A ciência no século XXI tem três principais caminhos: a biotecnologia, as novas fontes energéticas e o estudo da felicidade.
Se a biotecnologia e os problemas energéticos têm tido atenção mediática, o estudo científico da felicidade tem passado mais despercebido.
A verdade é que, desde o final do século XX, a ciência tem procurado entender, afinal, o que é a Felicidade e como podemos aumentá-la, individual e colectivamente.
Essa demanda tem permitido a colaboração de diversas áreas disciplinares, incluindo a medicina, a neurociência, a filosofia, a economia ou a psicologia (entre outras).
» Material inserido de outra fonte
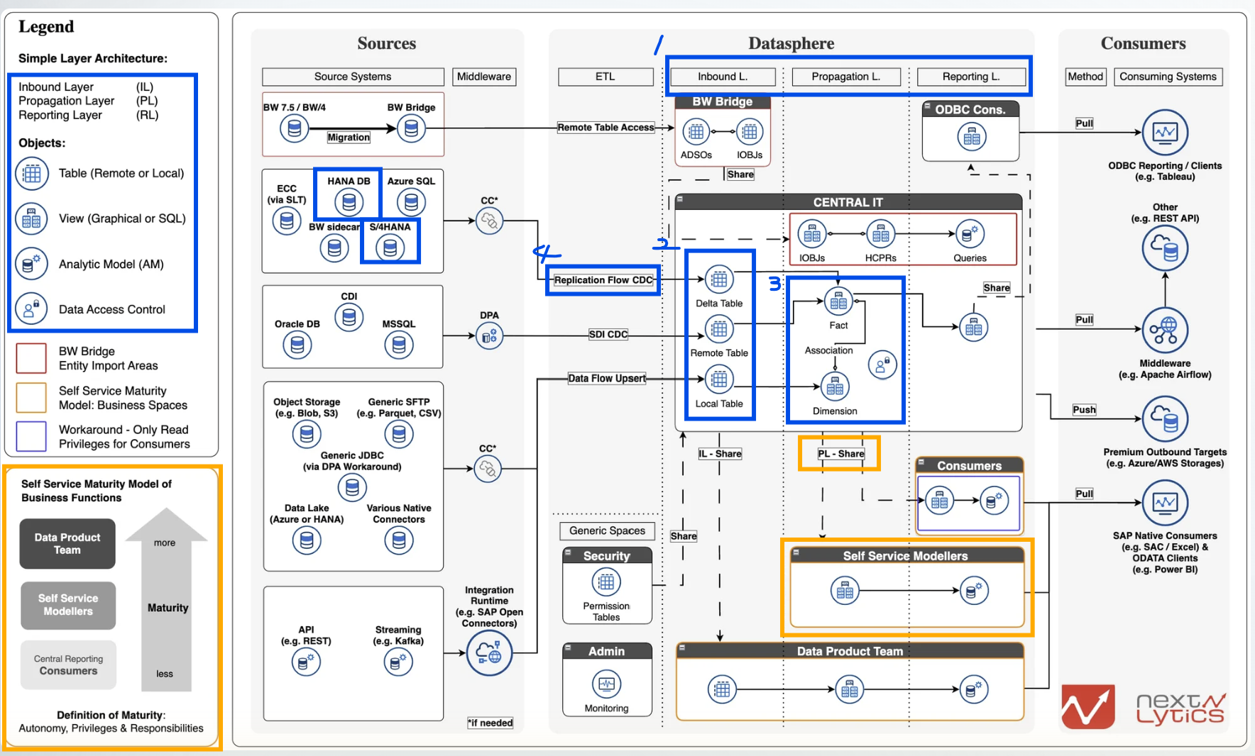 : 최종적으로 사용자가 데이터를 소비하는 공간으로 sac, power bi 와 같은 리포팅 도구에서 분석 및 시각화 수행

Desta investigação, cruzada e frutífera, têm surgido resultados fortes que nos permitem tirar conclusões práticas para a resolução dos problemas do mundo contemporâneo.
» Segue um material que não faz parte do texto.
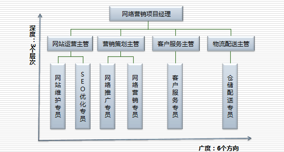 在网络营销岗位群的定位方面,我们依据企业实际运营情况、学生未来职业生涯规划,将网络营销岗位划分为基层、中层、中高层三个层次。基层岗位有网络营销推广专员、网站维护专员等六个;在职务空间提升方面,依次还有网络营销主管、网络营销项目经理。这样有利于学生未来职业发展,也为我们人才培养提供准确的方向。

Em particular, podemos afirmar:
A Felicidade não deve estar entregue ao esoterismo ou à retórica (de coachs, a gurus de auto-ajuda) – se, durante milénios, a palavra felicidade esteve refém das religiões, da filosofia, dos pregadores ou dos vendedores da banha da cobra, hoje, ela ganhou foros científicos e tem sido estudada por eminentes cientistas de todo o mundo. Graças a isso, consegue-se, de forma rigorosa, perceber o que é a felicidade (neuro-biologicamente), como se mede e quais os seus determinantes (biológicos e sociais). Assim, conseguem-se desenhar as ferramentas (medicamentosas, económicas e sociais) que, verdadeiramente, potenciam o bem-estar individual e colectivo.
A falta de atenção, médica, política e económica relativamente à felicidade, tem sido uma das principais razões para certos males da contemporaneidade. Nomeadamente, os sentimentos de ódio, medo, frustração, inveja, exclusão e ressentimento, que estão a alimentar as votações nos partidos populistas e de extrema-direita em diversas partes do mundo, são gerados por haver um número grande de pessoas que não estão a ser bem integradas no sistema capitalista global. Ou porque não têm os estudos ou as competências profissionais adequadas para sobreviver perante a forte concorrência internacional e a constante mudança tecnológica, ou porque são pressionados a seguir um estilo de vida de excesso de trabalho e consumo, com expectativas demasiado elevadas e sem tempo para relações sociais saudáveis, nem para uma higiene mental própria (que inclui sono, lazer e prazer), acabam por ficar ansiosas e revoltadas, acreditando que os messias populistas as vão salvar desse desconforto interior. Ora, isso é o resultado de um sistema descalibrado que devia, antes de mais, prevenir a perturbação mental e, quando essa ocorresse, tratá-la com rapidez. Para que tal suceda, é necessário passar a calibrar o sistema em nome da felicidade: políticas económicas, sociais e médicas têm que ser desenhadas, não para maximizar a produção, mas para maximizar a felicidade.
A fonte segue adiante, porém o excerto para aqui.